Tired of books that tell you how to hide the broccoli in a pan of brownies? Need a fresh approach to making healthy food fun for the kids? Check out “Bean Appetit.”

The book, from the founders of Bean Sprouts cafe in Madison, Wis., offers goofy, eye-rolling chapter titles — “Let it Bean” and “Peacasso” — and kid-friendly recipes the little ones can make for themselves.

Some of the recipes rely on gimmicks — tomato faces and spinach-and-chicken palm trees — but most present a full-frontal view of fruit, vegetables and whole grains.

A spinach-and-cheese omelet becomes a finger-friendly “Ready to Roll-Up” and the apple-sweet potato “Snuggle-Up Soup” gets served in a hollowed-out apple. “Pinwheel Pot Stickers” flaunt carrots, edamame and avocado.

Part activity guide, part cookbook, “Bean Appetit,” by Shannon Payette Seip, also includes skill-building challenges, such as how to crack an egg and how to use chopsticks. Tips on table manners are supplemented with conversation-inspiring questions (“If your family were to form a band, what would you name it?”).

Once they’ve eaten all their veggies, you can treat the whole family to a work of art for dessert. “What’s New Cupcake,” by Karen Tack and Alan Richardson, a sequel to the best-selling “Hello, Cupcake,” makes pastry artists out of even the most butterfingered parents.

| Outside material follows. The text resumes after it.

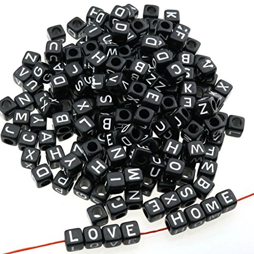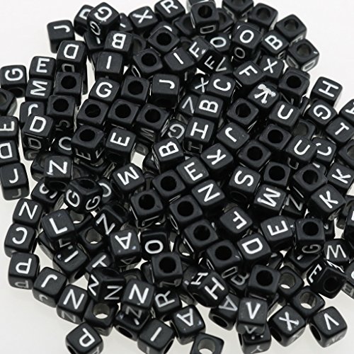 gresorth 800個ブラックキューブアクリル文字ビーズホワイトアルファベットDIYハンドメイドブレスレット、ネックレス、キーチェーン6 x 6 mm

Malted balls, M&M’s, candy corns and marshmallow peanuts transform ordinary cupcakes into fish, suns and lobsters. Jellybeans masquerade as flower petals and butterflies.

The beautiful photos and easy-to-follow directions (diagrams included!) help even the cake-mix challenged create cupcakes that look like lattice pies and critters from ducks to moose to flamingos.